Representativeness of Latent Dirichlet Allocation Topics Estimated from Data Samples with Application to Common Crawl
Yuheng Du - Clemson University
Common Crawl is a massive multi-petabyte dataset hosted by Amazon. It contains archived HTML web page data from 2008 to date. Common Crawl has been widely used for text mining purposes. Using data extracted from Common Crawl has several advantages over a direct crawl of web data, among which is removing the likelihood of a user’s home IP address becoming blacklisted for accessing a given web site too frequently. However, Common Crawl is a data sample, and so questions arise about the quality of Common Crawl as a sample of the original data. We perform a systematic test on the representativeness of topics estimated from Common Crawl compared to topics estimated from the full data of online forums.
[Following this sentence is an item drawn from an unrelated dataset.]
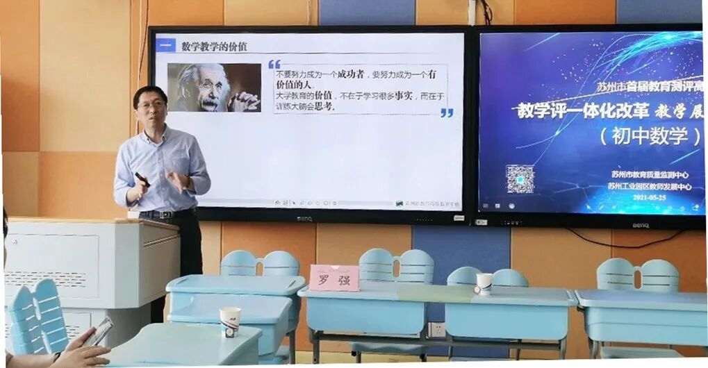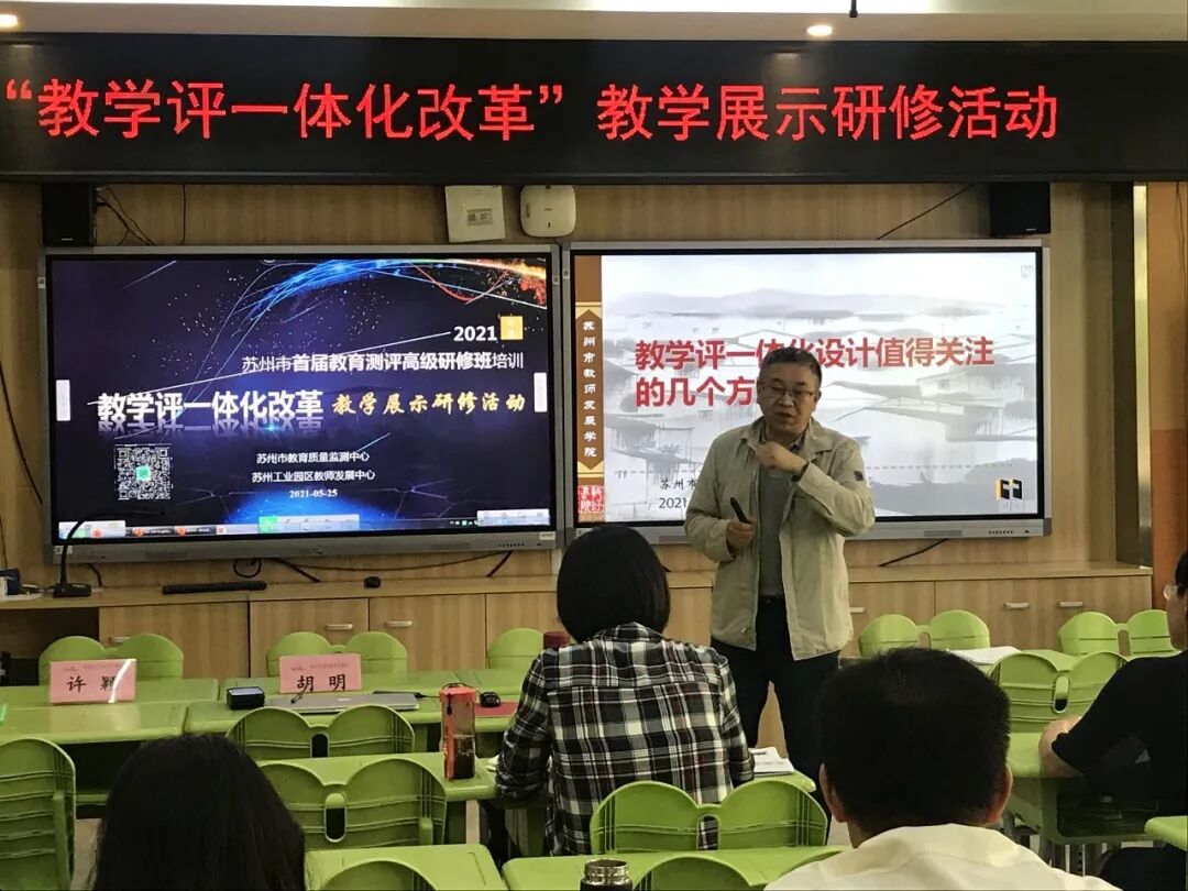 为进一步提高我市课堂教学质量与评价改革水平,促进教师在教学过程中不断反思以及完善自身专业知识和专业技能,5月25日,苏州市教育质量监测中心联合苏州工业园区教师发展中心,在苏州工业园区星汇学校与苏州工业园区星洋学校两所学校,同时举办了苏州市首届教育测评高级研修班第四次集中研修活动暨“教学评一体化改革”教学展示研修初中组活动。

Our target is online discussions from a user forum for automotive enthusiasts. We show that topic proportions estimated from Common Crawl are not significantly different than those estimated on the full data. We also show that topics are similar in terms of their word compositions, and not worse than topic similarity estimated under true random sampling, which we simulate through a series of experiments. To leverage the power of HPCC Systems, we plan to port our data pipeline to the HPCC System platform to improve data storage management, speed up data preprocessing and topic analysis time. Our research will be of interest to analysts who wish to use Common Crawl and HPCC Systems to study topics of interest in user forum data.
We employ a new approach that is frequency based graph mining using HPCC Systems platform to extract characteristic patterns from a collection of malware graphs and apply supervised machine learning to detect the malware automatically.
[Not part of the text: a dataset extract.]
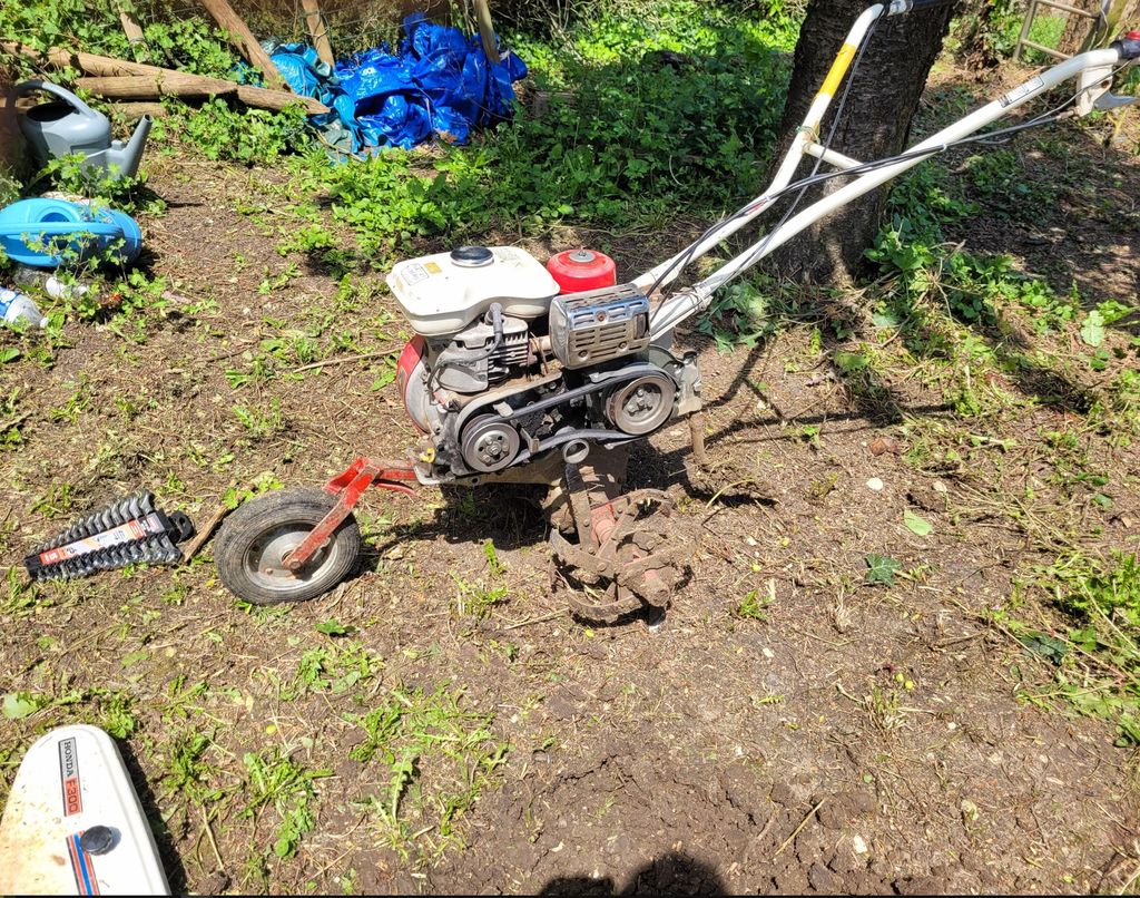 La serre est bachée mais la courroie de l'antique motoculteur Honda est détendue à mort, une nouvelle a été commandée

Malware Detection Using Frequency Based Graph Mining
Nusrat Asrafi - Kennesaw State University
Malicious software poses a major threat to the security of computer systems. The amount and diversity of its variants render classic security defenses ineffective, such that millions of hosts in the internet are infected with malware in the form of computer viruses, Internet worms and Trojan horses. While obfuscation and polymorphism employed by malware largely impede detection at file level the dynamic analysis of malware during run-time provides an instrument for characterizing and defending against the threat of malicious software. Traditionally, analysis of malicious software is only semi-automated process, often requiring a skilled human analyst. As a new malware appears at an increasingly alarming rate-now over 100 thousand new variants each day-there is a need for automated techniques for identifying suspicious behaviors in programs. It is not possible to handle this large amount of data by human analyst. In this poster, we represent a method for extracting statistically malicious behavior from system call graph (obtained by running malware in a sandbox).